Какие бы серьезные последствия ни имела описываемая подмена понятий --
судя по всему, уже непоправимая -- мы, в соответствии с общей темой нашей
книги, должны сосредоточить внимание на двусмысленности и неопределенности
слов, используемых обыкновенно для обозначения феноменов человеческого
взаимодействия. Неадекватность употребляемых здесь терминов является еще
одним симптомом, еще одним показателем, до какой степени приблизительно
наш интеллект схватывает процессы координации человеческих усилий. Эти
термины так неточны, что, пользуясь ими, мы не можем даже четко определись
границы того, о чем ведем речь.
Начнем хотя бы с терминов, которыми обычно пользуются для разграничения
двух противоположных принципов упорядочения человеческого сотрудничества:
капитализма и социализма. Оба они ведут к недоразумениям и политическим
перекосам. Предназначенные для того, чтобы пролить определенный свет на
функционирование соответствующих систем, они их практически никак не
характеризуют. В частности, слово "капитализм" (все еще не известное
Марксу в 1867 г. и никогда им не употреблявшееся) "в полную силу зазвучало
в политических дискуссиях как естественный антоним социализму" только
после выхода в 1902 г. сенсационной книги В. Зомбарта "Современный
капитализм" (Braudel, 1982a: 227 <Бродель, 1988: 2, 228>). Поскольку этот
термин подразумевает систему, удобную для владельцев капитала с их
частными интересами, он, естественно, спровоцировал на противодействие ей
тех, кто, как мы уже показали, были ею наиболее облагодетельствованы:
представителей пролетариата. Благодаря деятельности владельцев капитала,
пролетариат смог выжить и вырасти численно, в каком-то смысле он даже
создан ею. Владельцы капитала сделали возможным расширенный порядок
человеческого взаимодействия. Это, правда, и, быть может, поэтому
некоторые капиталисты с гордостью стали носить это имя, видя в нем
подтверждение результативности своих усилий. Тем не менее, оно было
неудачным, т. к. намекало на столкновение интересов, которого на самом
деле нет.
Несколько более подходящее название для расширенного экономического
порядка человеческого сотрудничества -- "рыночная экономика" -- было
заимствовано из немецкого языка. Однако и оно не лишено серьезных
недостатков. Прежде всего, так называемая рыночная экономика, строго
говоря, не является "экономикой", т. е. "хозяйством". Скорее это комплекс
из большого количества взаимодействующих индивидуальных хозяйств, с
которыми у нее есть всего лишь несколько общих признаков. Если мы дадим
сложным структурам, складывающимся из взаимодействия индивидуальных
хозяйств, название, указывающее на их сознательное конструирование, это
приведет к персонификации или анимизму, из-за которых, как мы видели,
процессы человеческого взаимодействия получили так много неправильных
толкований и которых мы всеми силами должны избегать. Необходимо постоянно
помнить, что "хозяйство", порождаемое рынком, не походит на продукты
сознательных замыслов человека. Рыночная экономика, напоминая в некоторых
отношениях собственно "хозяйство" в общепринятом смысле, представляет
собой структуру, глубоко от него отличающуюся уже тем, что она не
подчинена никакой единой иерархии целей.
Кроме того, от английского термина "рыночная экономика" нельзя образовать
подходящее прилагательное, которое бы очень и очень пригодилось для
выражения уместности определенных действий. Поэтому некоторое время назад
я предложил (1967/1978b: 90), воспользовавшись греческим корнем, ввести
новый специальный термин, уже употреблявшийся в достаточно близком смысле.

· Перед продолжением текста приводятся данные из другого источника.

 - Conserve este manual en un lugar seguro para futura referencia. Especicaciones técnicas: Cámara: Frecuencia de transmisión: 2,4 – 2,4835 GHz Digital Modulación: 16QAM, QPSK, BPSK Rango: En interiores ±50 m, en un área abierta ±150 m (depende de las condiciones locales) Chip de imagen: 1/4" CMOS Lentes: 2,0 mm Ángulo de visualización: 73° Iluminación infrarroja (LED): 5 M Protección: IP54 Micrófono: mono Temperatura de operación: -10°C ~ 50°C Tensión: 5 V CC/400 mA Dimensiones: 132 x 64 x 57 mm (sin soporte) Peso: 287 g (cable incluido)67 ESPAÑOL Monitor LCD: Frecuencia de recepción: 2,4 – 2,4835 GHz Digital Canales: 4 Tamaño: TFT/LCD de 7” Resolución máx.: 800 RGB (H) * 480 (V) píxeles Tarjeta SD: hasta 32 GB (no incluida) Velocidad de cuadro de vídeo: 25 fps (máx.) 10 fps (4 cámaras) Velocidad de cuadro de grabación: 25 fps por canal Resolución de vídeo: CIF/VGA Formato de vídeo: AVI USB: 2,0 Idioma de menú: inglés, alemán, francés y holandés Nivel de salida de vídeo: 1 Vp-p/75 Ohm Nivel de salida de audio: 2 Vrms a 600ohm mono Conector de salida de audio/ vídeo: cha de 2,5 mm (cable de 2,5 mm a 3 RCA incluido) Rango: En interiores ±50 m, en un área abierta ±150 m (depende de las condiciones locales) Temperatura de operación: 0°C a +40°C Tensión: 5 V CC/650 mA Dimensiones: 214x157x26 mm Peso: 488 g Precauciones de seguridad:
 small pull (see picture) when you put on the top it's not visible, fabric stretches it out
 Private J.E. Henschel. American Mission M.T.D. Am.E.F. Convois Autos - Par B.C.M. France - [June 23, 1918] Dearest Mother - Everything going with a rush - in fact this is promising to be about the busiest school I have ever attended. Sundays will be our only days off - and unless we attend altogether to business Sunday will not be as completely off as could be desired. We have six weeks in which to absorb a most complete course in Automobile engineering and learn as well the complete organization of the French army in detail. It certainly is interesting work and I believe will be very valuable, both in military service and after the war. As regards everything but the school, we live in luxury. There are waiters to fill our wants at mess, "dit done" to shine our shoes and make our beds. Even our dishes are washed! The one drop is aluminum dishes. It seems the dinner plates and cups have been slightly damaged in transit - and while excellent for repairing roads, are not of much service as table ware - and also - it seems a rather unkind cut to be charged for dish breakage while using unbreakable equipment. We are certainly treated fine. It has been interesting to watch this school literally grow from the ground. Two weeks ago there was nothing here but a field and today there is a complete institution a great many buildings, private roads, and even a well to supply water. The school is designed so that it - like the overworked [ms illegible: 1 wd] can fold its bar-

В 1838 г. архиепископ Уотли предложил называть теоретическую науку,
объясняющую рыночный порядок, "каталлактикой". Время от времени его идею
извлекали из небытия, а совсем недавно о ней вспомнил Людвиг фон Мизес.

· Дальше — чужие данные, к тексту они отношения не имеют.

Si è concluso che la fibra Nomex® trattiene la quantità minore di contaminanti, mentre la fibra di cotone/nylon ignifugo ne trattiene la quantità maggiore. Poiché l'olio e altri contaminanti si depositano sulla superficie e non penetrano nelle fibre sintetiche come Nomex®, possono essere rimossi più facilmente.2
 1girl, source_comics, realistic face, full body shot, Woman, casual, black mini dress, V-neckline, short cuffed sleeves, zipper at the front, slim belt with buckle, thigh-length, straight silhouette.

Прилагательное "каталлактический" -- производное от неологизма Уотли --
стало уже довольно широко употребляться. Эти термины особенно
привлекательны потому, что греческое слово, от которого они образованы --
katalattein или katalassein, -- означало не только "обмениваться", но и
"принимать в сообщество, в общину", а также "превращать из врага в друга",
и это лишний раз свидетельствует о глубокой проницательности древних
греков в подобных вопросах (Liddell and Scott, 1940, s. v. katallasso).
Все это и побудило меня предложить термин "catallaxy" ("каталлаксия") для
обозначения предмета науки, которую мы обычно именуем экономикой, а сама
наука, в соответствии с предложением Уотли, могла бы называться
"каталлактикой". О пользе подобных нововведений говорит и то, что первый
из этих терминов уже взят на вооружение некоторыми из моих молодых коллег;
и я убежден, что его более широкое признание наверняка способствовало бы
большей ясности в наших дискуссиях.
Наша анимистическая лексика и невразумительное понятие "общество"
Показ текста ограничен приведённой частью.